# Design help...



## bassadict69 (Apr 2, 2018)

The flow numbers I found at the spigot which comes off my irrigation pump are 48-50 psi and 23 gpm. Does this sound right? I didn't expect it that high...

This is at the end of about 30ft of 1-1/2" discharge which comes off the pump...

The plan is to use Maxi-paw heads since I will be using dirty lake water, although it will be passing through a filter. Am I correct that once I plumb this permanently, I should be able to put 5-6 heads on each run?

For now, I hope to follow Eric's lead and come off the valves into water hoses ran above ground. I also need to decide on a controller and am looking at the Rachio.


----------



## ken-n-nancy (Jul 25, 2017)

bassadict69 said:


> The flow numbers I found at the spigot which comes off my irrigation pump are 48-50 psi and 23 gpm. Does this sound right? I didn't expect it that high...


That is a lot of flow -- that's good news. Isn't it nice to be able to pull water out of a pond? 



bassadict69 said:


> The plan is to use Maxi-paw heads since I will be using dirty lake water, although it will be passing through a filter. Am I correct that once I plumb this permanently, I should be able to put 5-6 heads on each run?


 The number of heads in each zone will depend upon the delivery rate of the specific head and nozzle you'll be using. You'll need to size each zone to match the capability of your irrigation pump. It's important to get these matched properly, so that the pump runs continuously while you're irrigating but also provides sufficient pressure.
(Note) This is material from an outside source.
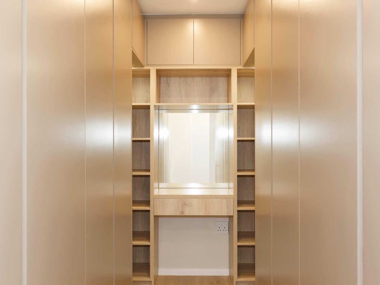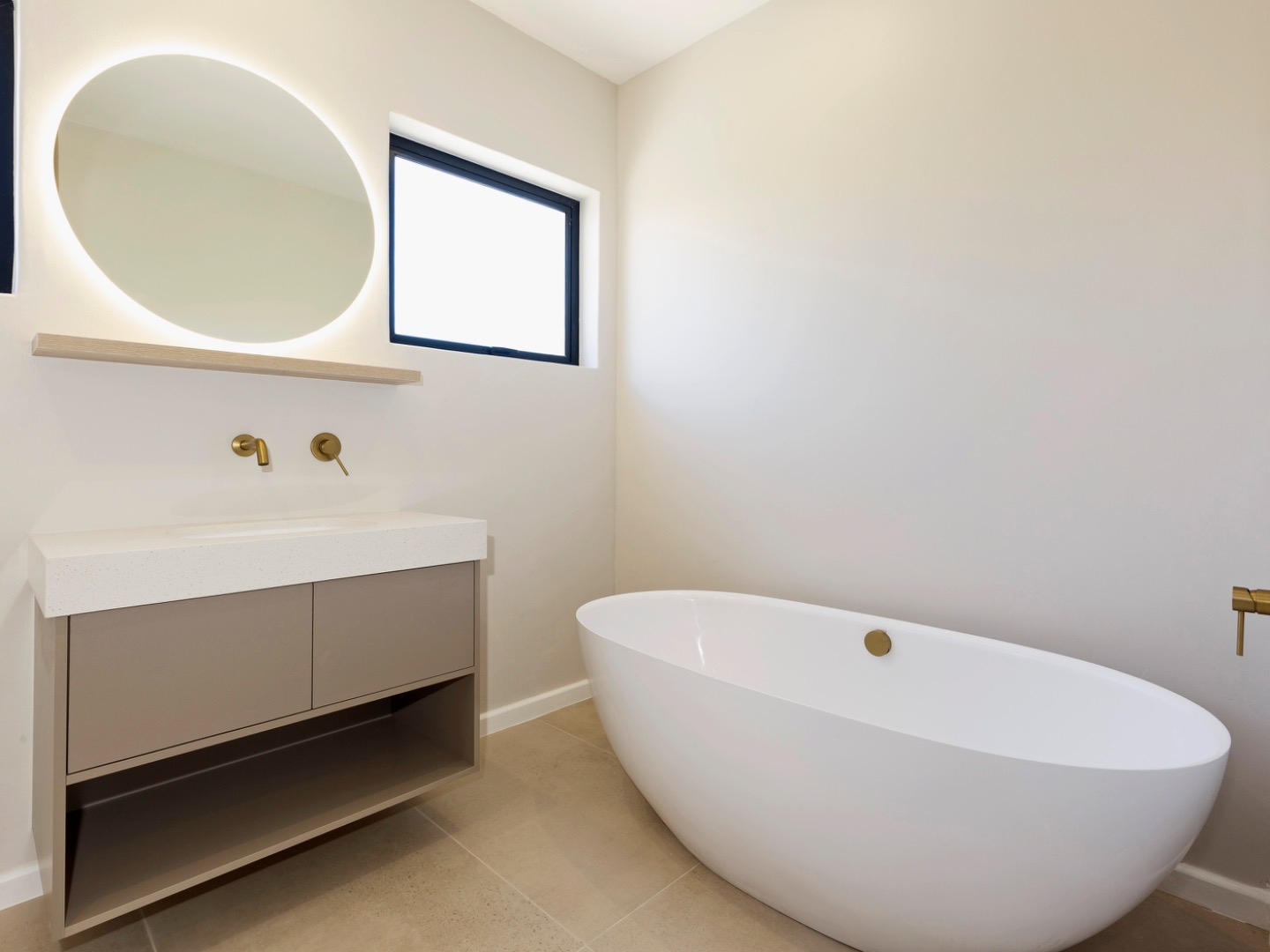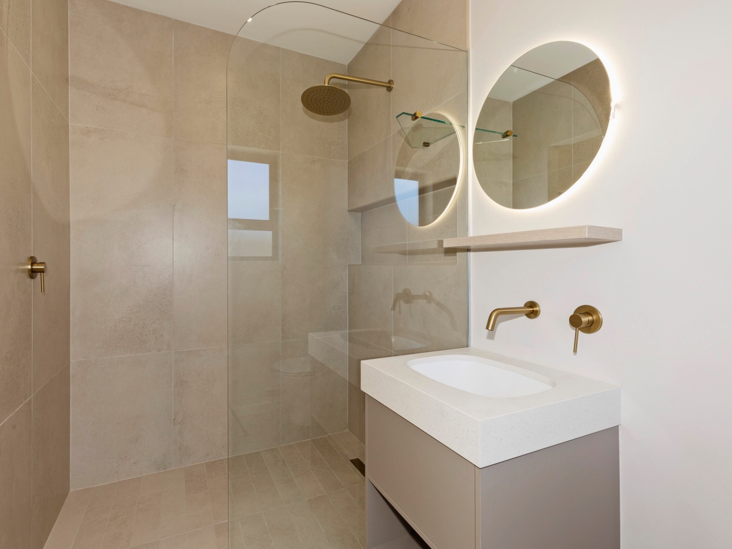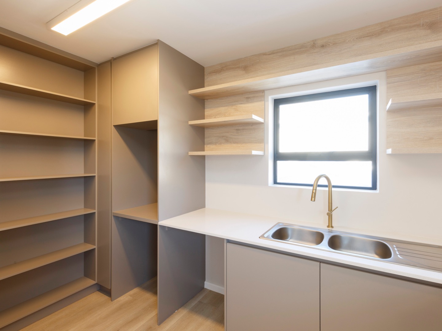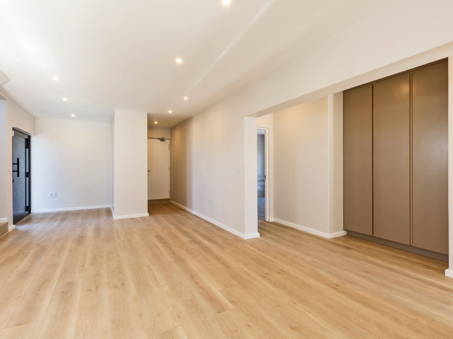 The main en-suite bedroom opens onto the balcony, enjoys north-facing light through sliding doors, and warm western sun through a side window. This is the only area of the home with a partial view of Langebaan Lagoon.

For more details, check out the appropriate section of the irrigation tuturials: https://www.irrigationtutorials.com/pumps-selecting-a-pump-step-by-step/

I have zero experience with the Maxi-paw line, but I'll bet that @Rain Bird Corp can provide some expert advice!


----------



## g-man (Jun 15, 2017)

For 1 1/2 30gpm would be more typical, but since you measured from a spigot, it would be less.

I second K&N recommendation to read irrigation tutorial for pumps.


----------



## bassadict69 (Apr 2, 2018)

Can a timer be rigged up now, prior to setting up individual lines and valves? It would be nice to be able to turn the sprinklers on using the app when I first get up rather than having to walk down to the dock to turn the pump on.


----------